Media Policy | Europe | 3 sep 2014

European Media Policy - new issue published

[NORDICOM] Welcome to a new issue of European Media Policy, Nordicom's newsletter which provides an up-date on policy developments at the European level.  The September issue gives an overview of recent developments in the fields of privacy/data protection, freedom of expression, Internet governance, etc.
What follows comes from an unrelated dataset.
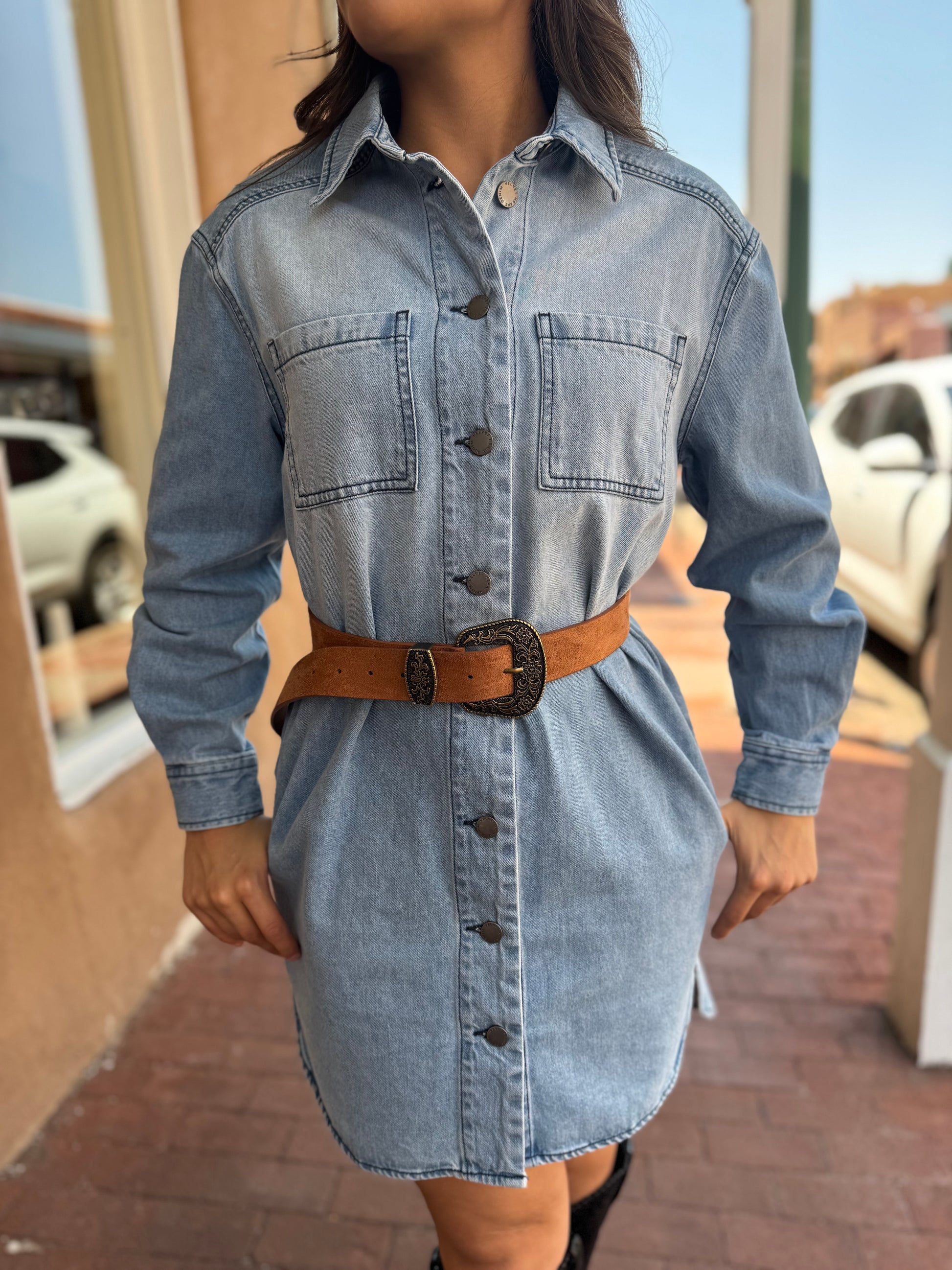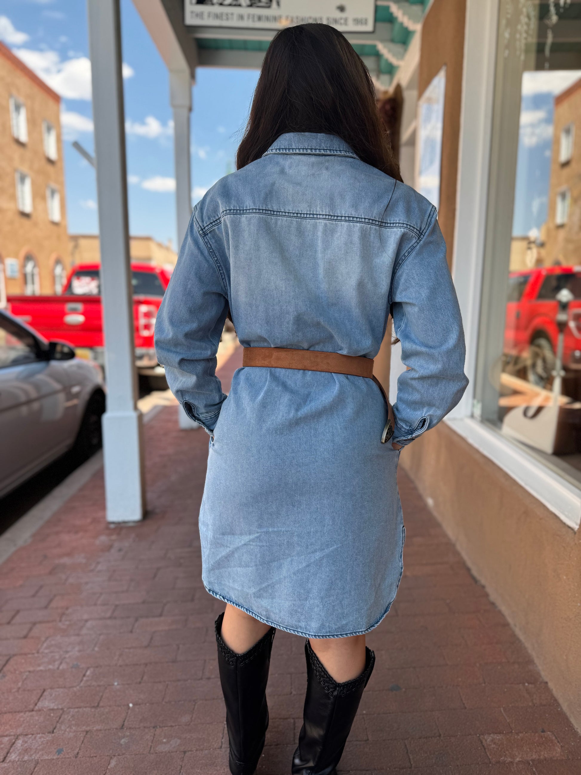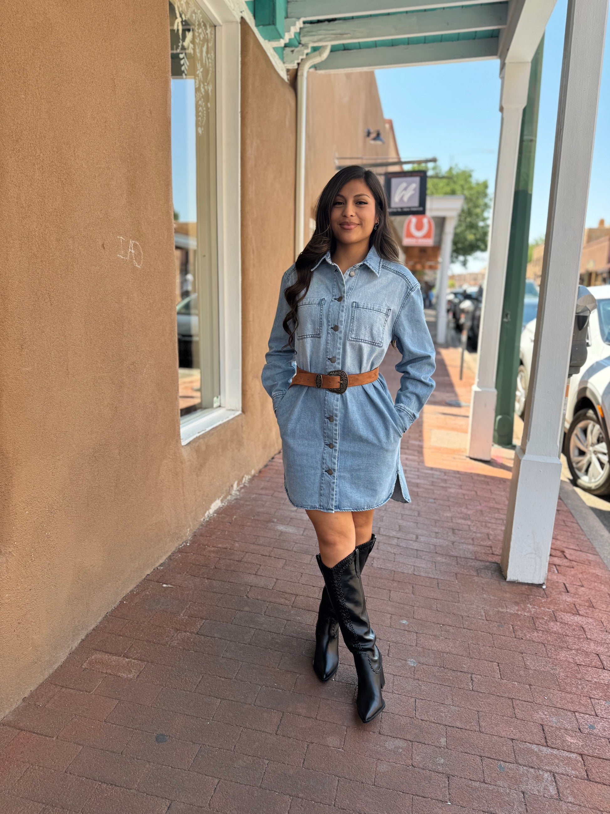 This Velvet Heart Ellison Dress features a classic denim fabric with long sleeves and a button-down front, complemented by a crisp collar. Its timeless design offers both comfort and style, making it a versatile addition to any boutique wardrobe. Perfect for layering or wearing on its own, this dress blends casual ease with polished details.

  • A landmark ruling by the European Court of Justice (ECJ) - which required Google to consider individuals' requests to remove links that they say infringe on their privacy - has caused much debate and pitted advocates for freedom of expression against online privacy groups.
     
  • By seemingly providing those critical of the proposed new EU data protection rules with new ammunition, the Google ruling will probably further delay the reform. The Commission says it will continue pushing for a speedy adoption of the new rules, ”including the reinforced and modernised Right to be Forgotten”. The ball is now in the EU Council's court, where views on the reform differ.
     
  • Press organisations have long called for the same (reduced) VAT rate to be applied to online services as to paper versions. They are not very happy with the recently issued final report of the EU’s High Level Expert Group on Taxation of the Digital Economy.
     
  • Many seem to be concerned about the new trade deal currently being negotiated between the EU and the United States. One of the areas of concern is the audiovisual sector, which was explicitly excluded from the negotiating mandate given to the Commission by member states. In recent months the US has shown interest in a various areas of EU audiovisual policy, which worries a number of member states.
     
  • In May the Council of Ministers adopted EU Human Rights Guidelines on Freedom of Expression Online and Offline. At first glance they look rather impressive, but journalist organisations are critical and the rules seem mainly intended for external use.
     
  • The same rights that people have offline must also be protected online, in particular freedom of expression, which is applicable regardless of frontiers and through any media of one’s choice, says a resolution adopted in June by the UN Human Rights Council.